We can compute p-values as well, either using the SE formulas or by creating a randomization distribution.

Usually the only hypothesis of interest is that the slope is 0. What does it mean for the slope to be 0?
The p-value for this test is listed in the output of msummary(). Do you see it?
You can calculate it by hand using SE. Do it and check that it matches.

Or we could create a randomization distribution. If we shuffle one of the two variables (I like to shuffle the explanatory variable), then we will simulate a world where the slope is 0 because the relationship between predictor and response will just be due the randomness of how our shuffling happens to match them up.

Create a randomization distribution and use it to test the null hypothesis that the slope is 0.

ANOVA for regression and the correlation coefficient

We can think about regression as a way to analyze the variability in the response. Some of the variability is explained by the predictor (average mercury is different for high pH lakes vs. low pH lakes). Some of the variability is not explained by the predictor (even among lakes with similar pH, some have higher average mercury levels and other lower levels.)
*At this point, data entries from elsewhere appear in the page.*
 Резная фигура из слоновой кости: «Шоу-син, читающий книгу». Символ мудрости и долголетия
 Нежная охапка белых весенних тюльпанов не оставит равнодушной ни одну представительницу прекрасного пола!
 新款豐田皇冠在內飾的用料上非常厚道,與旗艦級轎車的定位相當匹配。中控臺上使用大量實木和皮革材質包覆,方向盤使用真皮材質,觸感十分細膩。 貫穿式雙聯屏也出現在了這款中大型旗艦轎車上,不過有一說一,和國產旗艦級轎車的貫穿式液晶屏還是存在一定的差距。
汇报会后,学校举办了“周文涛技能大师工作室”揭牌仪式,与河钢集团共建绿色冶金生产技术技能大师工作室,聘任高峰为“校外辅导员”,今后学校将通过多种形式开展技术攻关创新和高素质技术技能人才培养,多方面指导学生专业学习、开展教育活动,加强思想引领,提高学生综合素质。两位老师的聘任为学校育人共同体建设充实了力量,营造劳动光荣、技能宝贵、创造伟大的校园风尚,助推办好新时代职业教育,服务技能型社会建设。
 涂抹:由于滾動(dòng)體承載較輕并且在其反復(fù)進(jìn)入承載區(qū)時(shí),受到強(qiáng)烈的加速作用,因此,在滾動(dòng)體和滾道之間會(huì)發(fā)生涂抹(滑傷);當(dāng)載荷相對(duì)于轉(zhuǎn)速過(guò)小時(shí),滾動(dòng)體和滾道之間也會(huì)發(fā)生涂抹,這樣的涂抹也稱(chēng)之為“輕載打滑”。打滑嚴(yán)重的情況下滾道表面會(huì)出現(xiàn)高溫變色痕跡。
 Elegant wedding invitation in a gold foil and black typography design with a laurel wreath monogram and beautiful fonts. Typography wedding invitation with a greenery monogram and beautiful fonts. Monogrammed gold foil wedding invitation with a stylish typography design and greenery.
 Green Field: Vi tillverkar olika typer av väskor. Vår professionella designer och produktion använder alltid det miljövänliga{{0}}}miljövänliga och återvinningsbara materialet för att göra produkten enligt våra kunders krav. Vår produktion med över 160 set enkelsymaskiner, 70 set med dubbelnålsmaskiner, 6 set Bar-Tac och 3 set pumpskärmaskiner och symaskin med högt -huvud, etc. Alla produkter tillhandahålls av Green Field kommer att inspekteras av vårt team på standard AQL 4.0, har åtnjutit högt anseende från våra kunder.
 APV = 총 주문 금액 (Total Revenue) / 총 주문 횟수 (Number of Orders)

The ANOVA table for regression is similar to the ANOVA table for comparing multiple means.

To get the ANOVA table, type one of these:

anova(fish_model)
anova(lm(AvgMercury ~ pH, data = FloridaLakes))

This is a lot like the ANOVA tables we have seen before. This time:

\[\begin{align*} SST &= \sum (y - \overline{y})^2 \\ SSE &= \sum (y - \hat{y})^2 \\ SSM &= \sum (\hat{y} - \overline{y})^2 \\ SST &= SSM + SSE \end{align*}\]
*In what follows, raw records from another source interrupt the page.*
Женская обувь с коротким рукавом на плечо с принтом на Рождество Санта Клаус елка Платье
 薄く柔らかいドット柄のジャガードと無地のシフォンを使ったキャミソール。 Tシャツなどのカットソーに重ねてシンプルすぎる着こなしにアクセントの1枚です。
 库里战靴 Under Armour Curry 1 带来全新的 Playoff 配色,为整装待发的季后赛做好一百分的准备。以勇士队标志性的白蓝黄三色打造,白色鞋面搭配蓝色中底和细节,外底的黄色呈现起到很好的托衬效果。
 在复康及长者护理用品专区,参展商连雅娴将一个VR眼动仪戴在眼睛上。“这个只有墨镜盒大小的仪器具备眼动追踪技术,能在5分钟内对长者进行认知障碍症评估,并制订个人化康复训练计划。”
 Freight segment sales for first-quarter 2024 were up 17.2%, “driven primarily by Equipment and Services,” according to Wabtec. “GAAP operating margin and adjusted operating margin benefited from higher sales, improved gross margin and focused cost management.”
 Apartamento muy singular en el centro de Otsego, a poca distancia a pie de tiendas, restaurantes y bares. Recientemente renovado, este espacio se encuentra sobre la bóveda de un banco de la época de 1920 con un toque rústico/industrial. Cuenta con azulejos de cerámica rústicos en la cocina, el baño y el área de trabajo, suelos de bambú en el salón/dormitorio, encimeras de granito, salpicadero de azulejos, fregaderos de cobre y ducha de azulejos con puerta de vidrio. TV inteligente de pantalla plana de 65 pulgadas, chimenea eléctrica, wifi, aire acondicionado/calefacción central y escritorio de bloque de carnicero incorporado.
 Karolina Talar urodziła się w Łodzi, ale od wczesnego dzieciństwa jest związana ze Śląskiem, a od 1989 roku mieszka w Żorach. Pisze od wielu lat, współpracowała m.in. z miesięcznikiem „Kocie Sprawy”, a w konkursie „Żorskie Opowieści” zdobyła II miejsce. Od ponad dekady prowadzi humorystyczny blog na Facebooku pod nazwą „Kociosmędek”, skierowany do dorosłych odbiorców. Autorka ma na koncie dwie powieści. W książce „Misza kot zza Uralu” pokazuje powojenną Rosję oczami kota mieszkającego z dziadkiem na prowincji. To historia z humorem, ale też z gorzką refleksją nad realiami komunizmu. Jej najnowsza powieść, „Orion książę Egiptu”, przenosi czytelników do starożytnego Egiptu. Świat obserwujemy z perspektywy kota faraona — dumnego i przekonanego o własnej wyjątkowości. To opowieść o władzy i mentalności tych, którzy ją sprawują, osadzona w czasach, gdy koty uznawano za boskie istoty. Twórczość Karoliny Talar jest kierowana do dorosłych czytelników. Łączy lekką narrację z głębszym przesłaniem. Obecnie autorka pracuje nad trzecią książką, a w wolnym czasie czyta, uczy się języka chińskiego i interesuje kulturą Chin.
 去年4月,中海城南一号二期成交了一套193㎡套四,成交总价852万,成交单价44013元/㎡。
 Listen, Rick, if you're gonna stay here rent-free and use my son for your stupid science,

\(y\) is the observed response.
\(\hat y\) is the predicted response from the linear regression. (For comparing multiple means, \(\hat y\) was the group mean.)
\(\overline{y}\) is the mean response.
The degrees of freedom for the simple linear regression model is 1, leaving \(n-1\) degrees of freedom for the residuals.
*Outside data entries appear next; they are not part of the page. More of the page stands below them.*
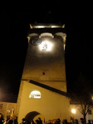 Beaucoup plus tard dans la soirée… vers 23h, Katrin et moi nous sommes toutes les deux parties vers la Tour Turque au centre de notre village. Il paraît que le groupe de ‘brass band’ du village va monter dans la Tour pour jouer de la musique. Chouette!!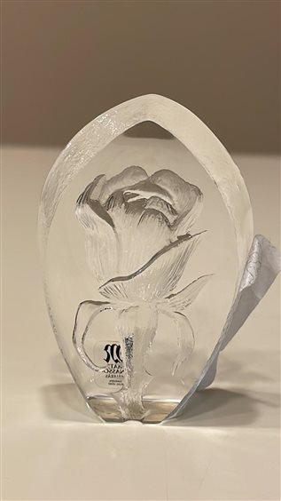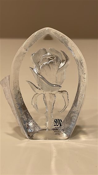 SCULTURA CON ROSA IN CRISTALLO SVEDESE MALERAS DELLA COLLEZONE WILDLIFE MINIATURES. MATS JONASSON MALERAS è la patria dell'artigianato tradizionale svedese del cristallo e di una forte tradizione artistica svedese e rappresenta una nuova generazione di designer e artigiani. Mats Tomasson è un maestro del dettaglio e, da oltre 30 anni, ha impresso il suo marchio sulla vetreria di Mäleras, dove l'azienda è sinonimo di creatività brillante. Un oggetto in vetro di Mäleräs Glassworks dà la garanzia di avere una creazione in cristallo completamente svedese.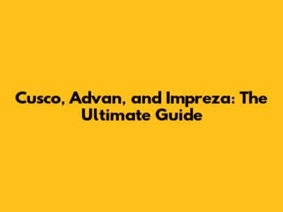 Cusco, Advan, And Impreza: The Ultimate Guide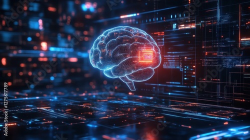 Digital Brain Network: Glowing Abstract Hologram in Dark Cyber Space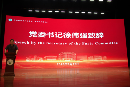 学院党委书记徐伟强致辞,表达了对新生的欢迎,同时,他寄语新生,要有追逐梦想的魄力、革故鼎新的创新力以及坚毅果敢的行动力,要为建设纺织强国注入自己的青春力量,坚定信念、勇毅前行。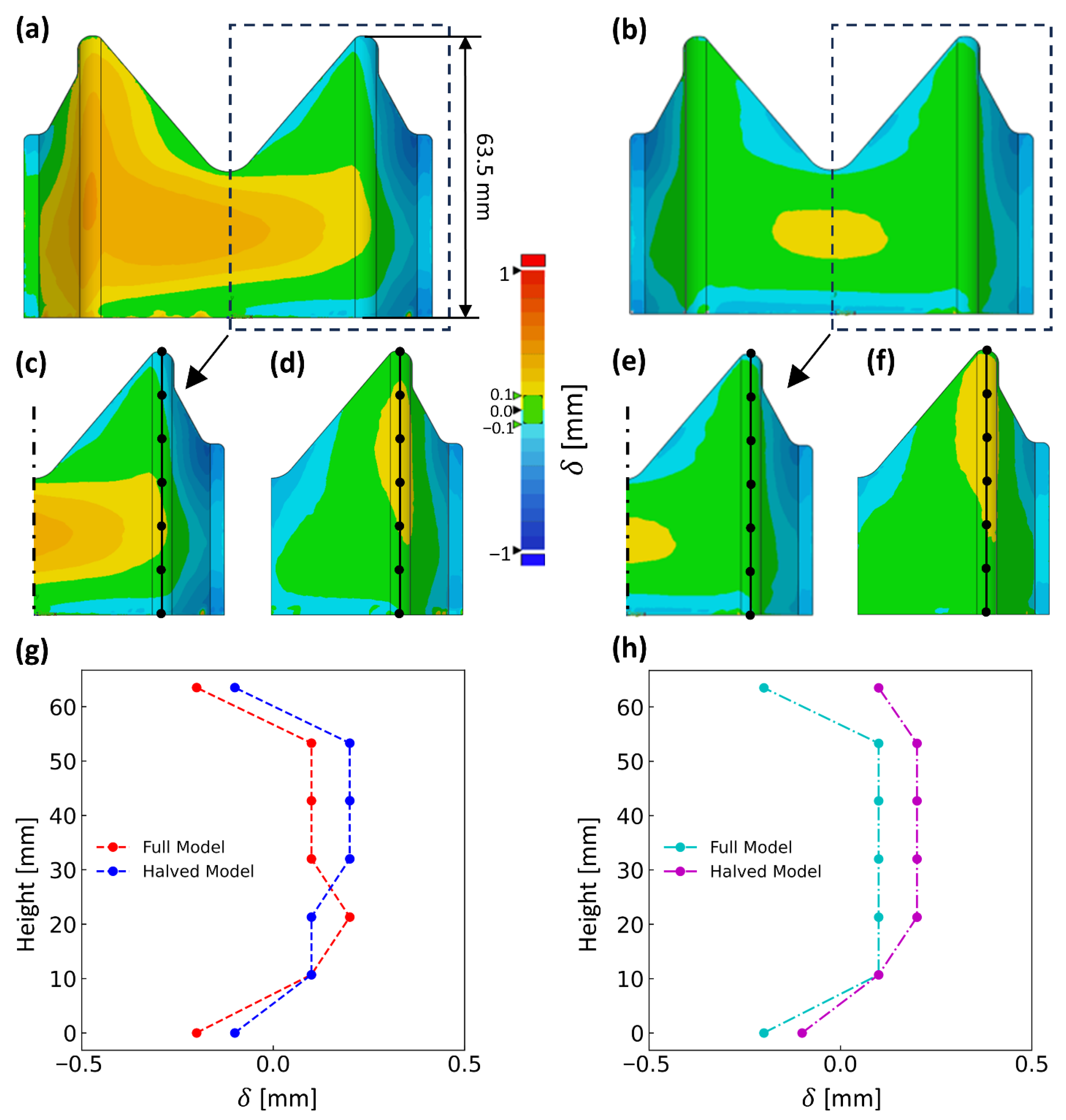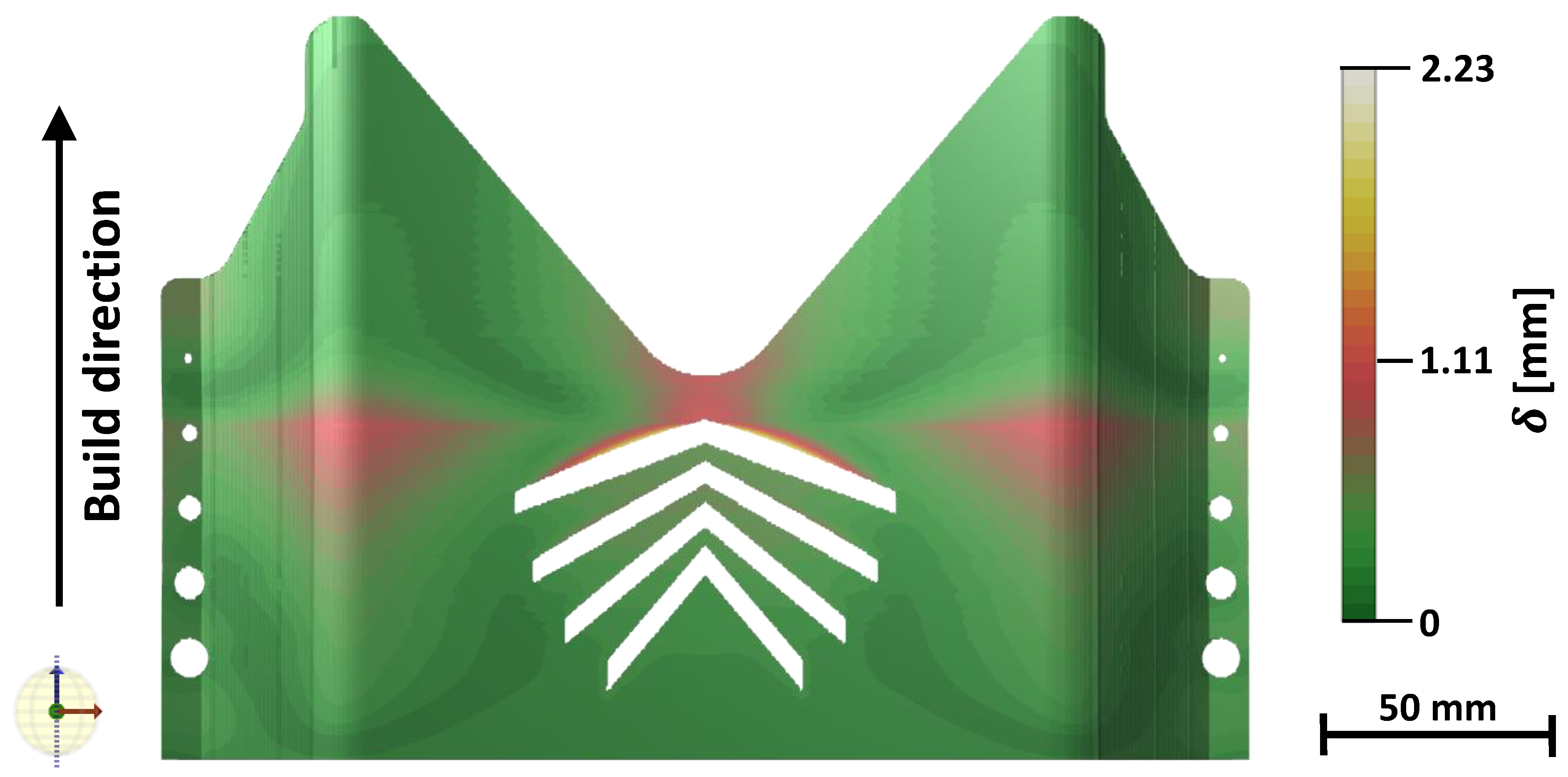 - Giubilini, A.; Calignano, F.; Galati, M.; Minetola, P. Assessment of simulation software for predicting induced distortions in laser-beam powder bed fusion of Ti6Al4V. Int. J. Adv. Manuf. Technol. 2025, 138, 1039–1054. [Google Scholar] [CrossRef]

As before, when \(SSM\) is large and \(SSE\) is small, then the model (\(\hat y = \hat\beta_0 + \hat\beta_1 x\)) explains a lot of the variability and little is left unexplained (\(SSE\)). On the other hand, if \(SSM\) is small and \(SSE\) is large, then the model explains only a little of the variability and most of it is due to things not explained by the model.

By some fancy algebra, it can be shown that the percentage of variability that is explained by the regression model is the square of the correlation coefficient: denoted \(r^2\) or \(R^2\):

\[ R^2 = \frac{SSM}{SST} = \frac{SSM}{SSM + SSE} \]

For our the Florida lakes study, we see that

\(SSM = 2.00\)
\(SSE = 4.05\)
\(SST = 2.00 + 4.05 = 6.05\)
\(R^2 = \frac{SSM}{SST} = \frac{2}{6.05} = 0.3305785\)

This number is listed as ``Multiple R-squared" on the summary output.

So pH explains roughly 1/3 of the variability in average mercury levels. The other two thirds of the variability in mercury levels is due to other things. (We can think of many things that might matter: size of the lake, depth of the lake, types of fish in the lake, types of plants in the lake, proximity to industrialization – highways, streets, manufacturing plants, etc.) More complex studies might investigate the effects of several of these simultaneously.

Now create a randomization distribution to test the null hypothesis that the correlation coefficient is 0. (Use cor() to calculate the correlation coefficient. These two tests mean the same thing because the slope is 0 exactly when the correlation coefficient is 0. Recall that slope = \(r \frac{s_y}{s_x}\).)

Anscombe’s famous examples

Compute the regression summary tables for Anscombe’s four pairs of variables. What do you notice?

msummary(lm( y1 ~ x1, anscombe))
msummary(lm( y2 ~ x2, anscombe))
msummary(lm( y3 ~ x3, anscombe))
msummary(lm( y4 ~ x4, anscombe))

Now make scatter plots for each and add the regression line (with gf_lm()). Now what do you notice?
Why do you think Anscombe create these data sets? What was his main point?

Residuals

Recall that a residual is the difference between the observed response and the value predicted by the regression line.

\[ \mbox{residual} = y - \hat y = \mbox{observed} - \mbox{predicted} \]

Looking at residuals can be a good way to see if the model is working well. Residuals should

be approximately normally distributed.
demonstrate roughly the same amount of variability across the data set.
subject to those to things, be basically “random”. (Patterns in residuals are generally an indication of a problem.)

Create these plots. How do things look for our fish model?

gf_histogram(~ resid(fish_model))
gf_qq(~ resid(fish_model)) %>% 
  gf_qqline()
gf_point(resid(fish_model) ~ pH, data = FloridaLakes)
mplot(fish_model, which = 1:2)    # or plot(fish_model, which = 1:2)

Remember: A normal-quantile plot is a plot where the dots will fall nearly along a line when the data come from a normal distribution. It is basically a comparison (via a scatter plot) of the values we have and the values we would have expected from a normal distribution. This plot works better than a histogram for detecting normality issues because our eyes are good at detecting lines and because histograms don’t work very well with small data sets.

Now do the same thing for the Anscombe data sets. Here is the code for the first pair.

model1 <- lm(y1 ~ x1, data = anscombe)
gf_histogram( ~ resid(model1))
gf_point(resid(model1) ~ x1, data = anscombe)
mplot(model1, which = 1:2)